Exercise material
○ ○ ○
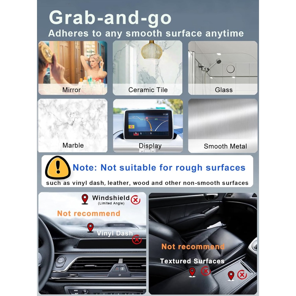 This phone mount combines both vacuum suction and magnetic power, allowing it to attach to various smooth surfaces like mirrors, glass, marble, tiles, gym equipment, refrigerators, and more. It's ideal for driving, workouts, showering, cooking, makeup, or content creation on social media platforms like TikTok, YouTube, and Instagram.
○ ○ ○
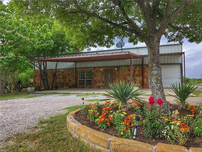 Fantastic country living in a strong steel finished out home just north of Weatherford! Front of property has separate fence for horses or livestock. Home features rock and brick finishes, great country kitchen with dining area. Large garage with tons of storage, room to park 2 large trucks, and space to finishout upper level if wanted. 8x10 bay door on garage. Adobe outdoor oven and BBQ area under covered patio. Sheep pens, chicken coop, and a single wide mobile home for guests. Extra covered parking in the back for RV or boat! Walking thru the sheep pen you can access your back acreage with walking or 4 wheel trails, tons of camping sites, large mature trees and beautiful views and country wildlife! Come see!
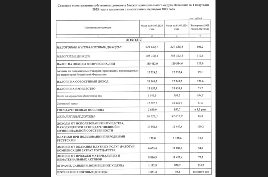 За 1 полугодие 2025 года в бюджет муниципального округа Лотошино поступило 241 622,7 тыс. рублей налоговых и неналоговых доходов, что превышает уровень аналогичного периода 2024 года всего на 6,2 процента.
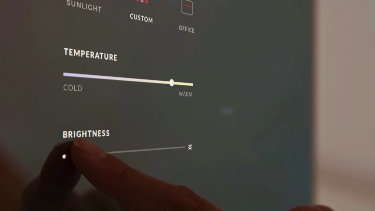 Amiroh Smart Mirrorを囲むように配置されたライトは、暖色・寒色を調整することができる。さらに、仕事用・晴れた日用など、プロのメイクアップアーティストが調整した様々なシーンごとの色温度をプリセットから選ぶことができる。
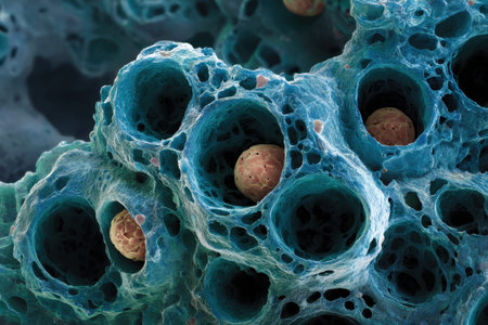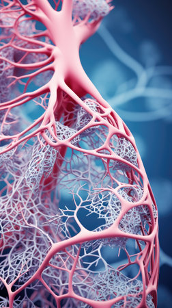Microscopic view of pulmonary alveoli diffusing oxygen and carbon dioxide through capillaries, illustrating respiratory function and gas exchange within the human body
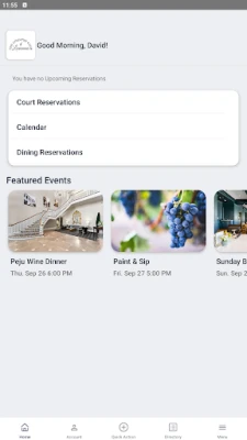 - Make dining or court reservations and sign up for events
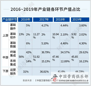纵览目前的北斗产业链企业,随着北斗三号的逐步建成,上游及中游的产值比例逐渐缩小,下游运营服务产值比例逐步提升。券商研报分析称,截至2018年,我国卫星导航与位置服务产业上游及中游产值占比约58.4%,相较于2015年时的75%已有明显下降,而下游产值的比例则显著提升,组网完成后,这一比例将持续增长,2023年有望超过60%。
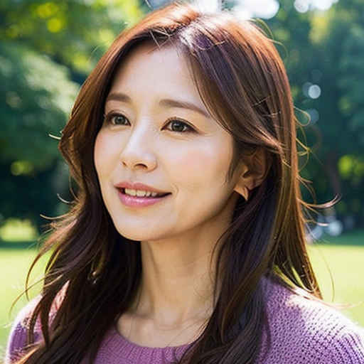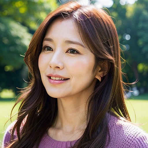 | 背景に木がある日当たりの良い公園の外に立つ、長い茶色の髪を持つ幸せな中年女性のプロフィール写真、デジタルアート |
○ ○ ○
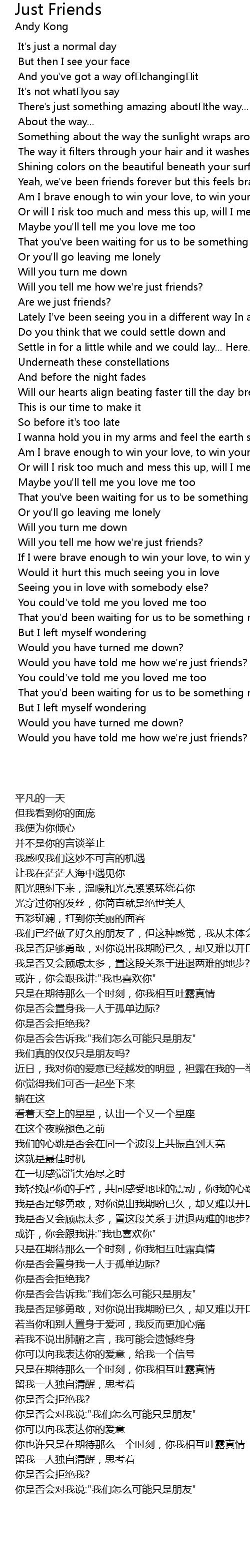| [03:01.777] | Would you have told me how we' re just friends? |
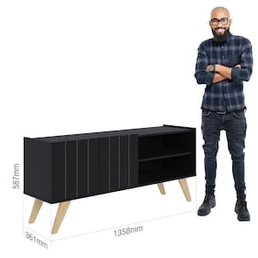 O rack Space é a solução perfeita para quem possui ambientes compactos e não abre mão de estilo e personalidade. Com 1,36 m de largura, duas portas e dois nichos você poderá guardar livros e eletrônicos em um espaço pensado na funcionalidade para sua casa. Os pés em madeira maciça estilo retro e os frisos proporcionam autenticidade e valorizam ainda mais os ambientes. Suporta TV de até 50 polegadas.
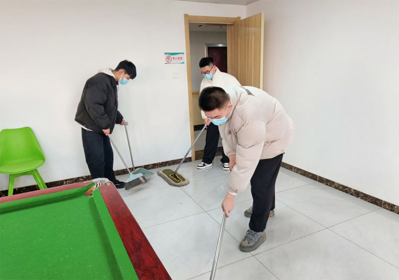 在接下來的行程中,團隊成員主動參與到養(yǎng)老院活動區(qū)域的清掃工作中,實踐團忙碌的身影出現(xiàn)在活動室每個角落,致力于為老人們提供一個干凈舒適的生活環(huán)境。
○ ○ ○
Task to complete
Transcribe only this stretch of the data: the line with "O rack Space", the line with "在接下來的行程中,團隊成員主", and every line in between. Leave out the pictures.

Exercise result
 O rack Space é a solução perfeita para quem possui ambientes compactos e não abre mão de estilo e personalidade. Com 1,36 m de largura, duas portas e dois nichos você poderá guardar livros e eletrônicos em um espaço pensado na funcionalidade para sua casa. Os pés em madeira maciça estilo retro e os frisos proporcionam autenticidade e valorizam ainda mais os ambientes. Suporta TV de até 50 polegadas.
 在接下來的行程中,團隊成員主動參與到養(yǎng)老院活動區(qū)域的清掃工作中,實踐團忙碌的身影出現(xiàn)在活動室每個角落,致力于為老人們提供一個干凈舒適的生活環(huán)境。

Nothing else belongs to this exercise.